Media criticism has been the bread and butter of the blogosphere from its opening days, especially for conservatives who pushed back against the liberal bias of the mainstream media. The scope of those efforts have run the gamut from fact-checking news pieces to exposing biases of top-ranking executives, such as Eason Jordan at CNN. Media Matters for America was formed as a left-wing analog to the more grassroots efforts in the conservative blogosphere to push back against the pushback and to focus criticism on conservative news and opinion outlets, including Hot Air on more than one occasion.
All of this is perfectly fair game. Media critique is a game anyone can play, and it’s hard to argue that this kind of accountability is somehow bad for business. But is it legitimate to declare that these efforts will consist of “sabotage” and “guerilla warfare”?
The liberal group Media Matters has quietly transformed itself in preparation for what its founder, David Brock, described in an interview as an all-out campaign of “guerrilla warfare and sabotage” aimed at the Fox News Channel.
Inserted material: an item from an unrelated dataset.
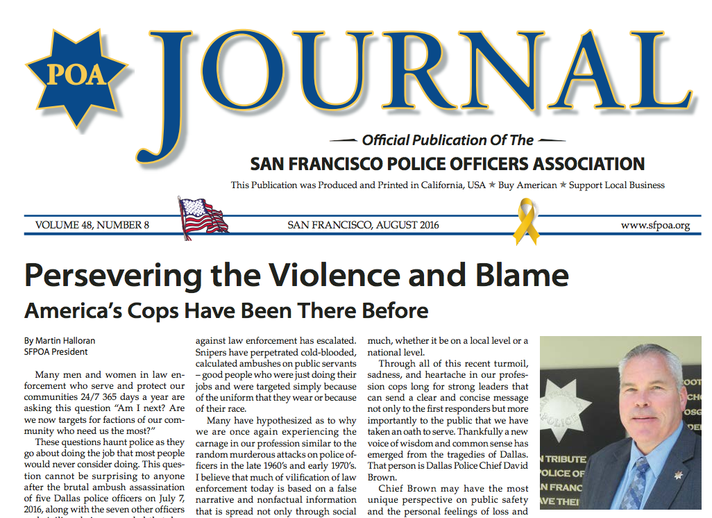 In the latest issue of the San Francisco Police Officers Association journal, union president Martin Halloran implores whomever is

The group, launched as a more traditional media critic, has all but abandoned its monitoring of newspapers and other television networks and is narrowing its focus to Fox and a handful of conservative websites, which its leaders view as a political organizations and the “nerve center” of the conservative movement. The shift reflects the centrality of the cable channel to the contemporary conservative movement, as well as the loathing it inspires among liberals — not least among the donors who fund Media Matters’ staff of about 90, who are arrayed in neat rows in a giant war room above Massachusetts Avenue.
“The strategy that we had had toward Fox was basically a strategy of containment,” said Brock, Media Matters’ chairman and founder and a former conservative journalist, adding that the group’s main aim had been to challenge the factual claims of the channel and to attempt to prevent them from reaching the mainstream media.
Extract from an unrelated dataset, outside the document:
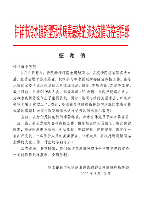 人民网北京2月23日电 “向周继同志表示最诚挚的感谢,感谢他主动请缨参加钟祥市冷水镇疫情防控工作……”这是湖北省钟祥市中医院精神科主治医师周继家乡的疫情防控指挥部写给他的感谢信。感谢他坚守在农村疫情防控的第一线。
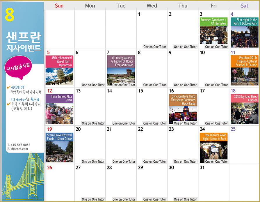 9월 샌프란시스코 액티비티 & 이벤트 캘린더▼ 다음글

The new strategy, he said, is a “war on Fox.”
This isn’t unique language in the grassroots media-criticism industry. A few individual bloggers have expressed a desire to destroy certain media outlets through criticism, and it’s certainly not unusual for conservatives to cheer the misfortunes of the New York Times, for instance. However, the scale of MMFA and its reported $10 million budget put those boasts in a different and somewhat more credible light.
In the Green Room, Jazz Shaw argues that watching the watchers isn’t a bad thing at all, with Fox or any other media outlet:
Yes, I recognize the knee-jerk response to say that NPR and PBS both receive taxpayer dollars and should be held to a higher standard of transparency. But they do operate as media entities, not government agencies. Further, the media – especially the portion of it covering politics and government – are pretty much a de facto fourth branch of the government anyway. That description was enshrined by the founders right in the first amendment. Doesn’t the public have a right to know what’s going on with the people who provide the news, even if it’s a private corporation?
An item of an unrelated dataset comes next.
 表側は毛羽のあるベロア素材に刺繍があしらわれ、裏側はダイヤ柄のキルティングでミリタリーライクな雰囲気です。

For that matter, doesn’t any corporation which provides goods or services to the public deserve some level of scrutiny so consumers can shop wisely? If a production line manager at a baby food company had a history of arrests for poisoning food, wouldn’t you want to know that before you made a purchase?
And let’s remember that this is a completely private outfit (MMFA) doing the investigating, not the United States government, so arguments about unconstitutional prying eyes doesn’t really cut it here.
In the end, if you honestly believe that Fox news isn’t up to anything improper, then they have nothing to worry about. And if MMFA just starts making things up out of thin air to attack them, that should be easily proven and potentially even open up the “watchdogs” to court proceedings over slander, etc.
I mostly agree with Jazz here, except that MMFA isn’t just pledging to be a “watchdog.” They’re promising “sabotage,” which sounds less like investigative journalism and more like dirty tricks, aimed not at the reporting itself but at mid-level management at Fox. If that consists of the same kind of undercover videos produced by James O’Keefe at ACORN and NPR, that’s fair game; the media have used stings like those for decades. That’s hardly “sabotage,” though, which sounds like efforts at a completely different — and more base — level.
This may all be self-correcting anyway. The success of media criticism comes in large part from the credibility of the critic. When critics, whether a single person or a corporate entity, pledge that their mission is “sabotage,” they’ve essentially ceded that credibility from the start — and MMFA doesn’t exactly overflow with credibility as an independent watchdog now.
Update: Brandon Kiser argues that this should change MMFA’s tax status.